Ethics a struggle for doctors with nearly half supportingphysician-assisted suicide

NEW
YORK - PRN - Carol Forsloff - Studies have shown medical personnel reluctant
to participate in executions because of medical ethics, but ethical
decision-making is the major struggle for doctors involved in the
practice of medicine in general.





WebMD
Health Corp. conducted a survey made by Medscape, a doctor's resource
site that examined physician attitudes about some of the most difficult
decisions they have to make.  10,000 doctors were used to determine the
results.



The August 2010 survey explored ethical
issues including end-of-life, pain treatment, insurance reimbursement,
colleague relations, withholding information from a patient, patient
privacy, and other issues that present moral dilemmas. 




"What came through loud and clear through this survey
is that by and large, doctors try to do what they believe is right,"
said Dr.

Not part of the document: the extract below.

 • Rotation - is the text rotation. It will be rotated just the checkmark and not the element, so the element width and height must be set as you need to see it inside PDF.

Steven Zatz, Executive Vice
President, WebMD Professional Services.  "However, the results also
highlight the complex ethical issues confronting physicians and their
efforts to make appropriate decisions."


"Today's doctors face more frequent and more complex bioethical dilemmas than in former times," said Thomas H. Murray, PhD, President of The Hastings Center, a bioethical research institute in Garrison, New York.  "In medicine, the increased power to intervene now requires that doctors make choices whether to do so or not."

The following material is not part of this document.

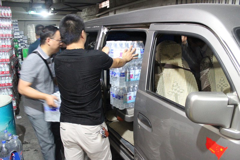 臺階再高,天氣再熱,但所有人的腳步依舊堅定,心懷員工,都想快速地把水送到一線員工手中以解干渴。

One of the hardest decisions for doctors to
make is the literal decision of life or death involved in
physician-assisted suicide.  Green Heritage News editor Forsloff
discussed this with several doctors in Hawaii during the late 1990's,
finding that most doctors provide large doses of medicine to family
members with terminal illnesses, even when they know patients will die
from it.  Surveys of doctors reveal a high percentage of doctors will do that.

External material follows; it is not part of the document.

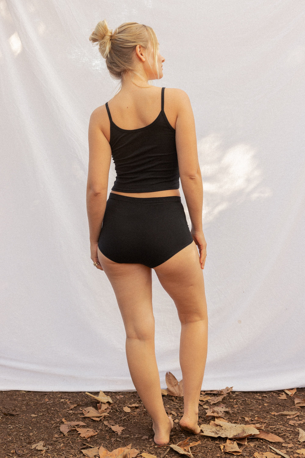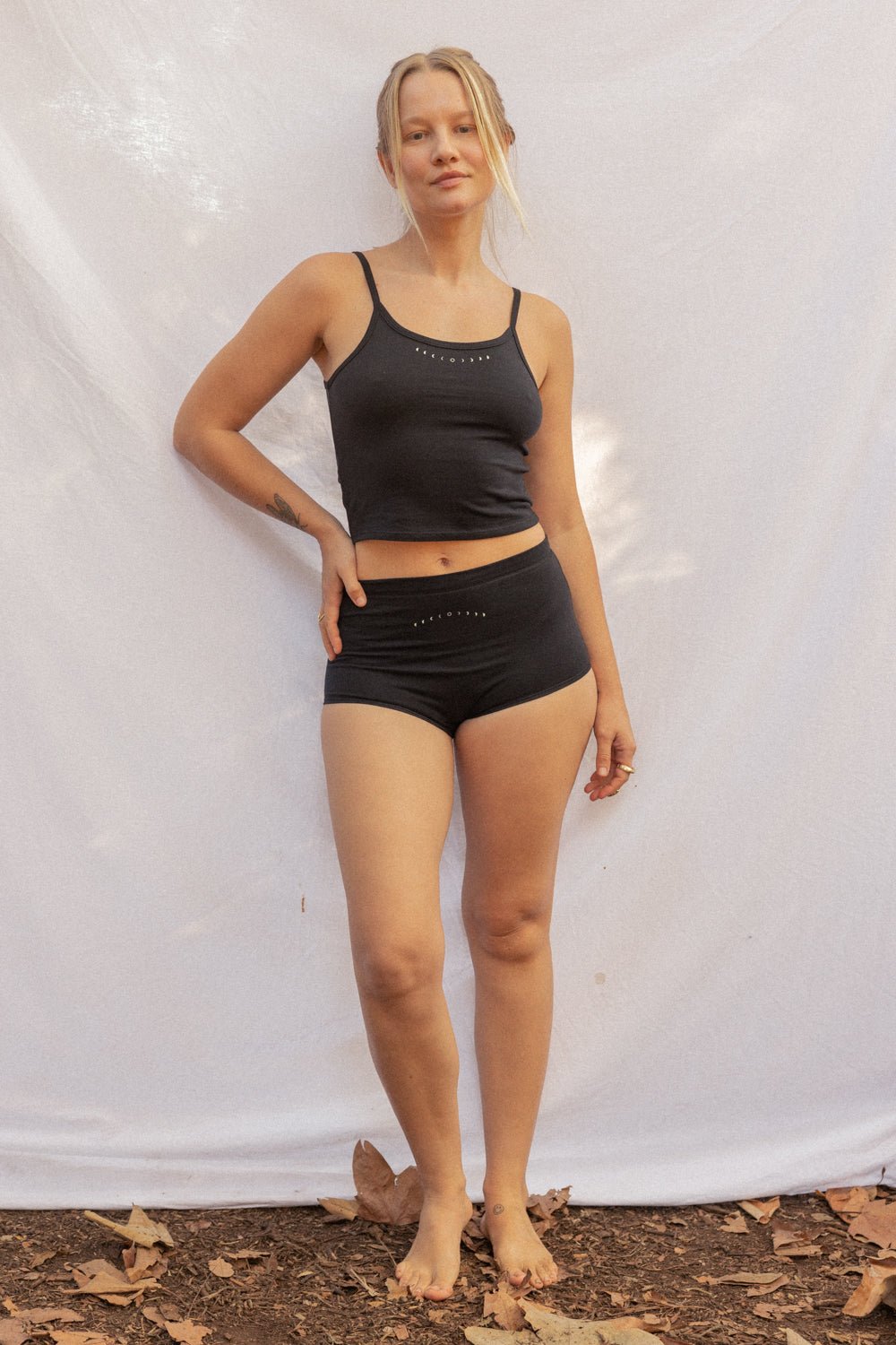 We use plant-based fabrics like TENCEL™ lyocell, ECOVERO™ viscose, and organic cotton, blended with Creora® bio-based spandex for gentle stretch. While the spandex still contains some petroleum, it’s partially derived from renewable sources—making it a better option than traditional synthetics. The result: soft, breathable, lower-impact clothing that feels as good as it is.

The following shows some of the survey findings.  An
additional 16 questions dealing with other crucial physician ethical
dilemmas and the special series can be found at www.medscape.com.


End of Life Care  

When asked whether physician-assisted
suicide be allowed in some cases – results were mixed with 45.8% of
respondents answering "yes"; 40.7% said "no"; and the other 13.5% said
"it depends."


Liability and Medical Error Issues :  

The
majority of doctors 60.1% answered "no" when asked if it was acceptable
to cover up or avoid revealing a mistake if that mistake would not
cause harm to the patient, 19% of respondents said "yes" it was
acceptable, and the remaining 20.9% said it "depends."


Patient Treatment Issues

When
asked whether they would hide information from a patient about a
terminal or preterminal diagnosis in an effort to bolster their spirit
or attitude – 59.8% of physicians would tell it exactly like they see
it; 14.6% admitted they would soften it and give hope even if there's
little chance; 1.7% wouldn't tell a patient how bad it was – unless they
were going to die immediately; and the other 23.8% said it would
depend.


Other Ethical Issues :



On
the subject of whether buying organs for transplant should be legal for
people if they would not be able to receive an organ by waiting their
turn through the national database – nearly 20% of doctors said "yes",
but the majority (66.5%) said "no."  The remaining 13.6% said "it
depends."



Murray
concludes, in reference to these findings, "If a physician recognizes
that he or she is having a tough ethical dilemma, it shows that this is a


morally conscious individual trying to do the right thing."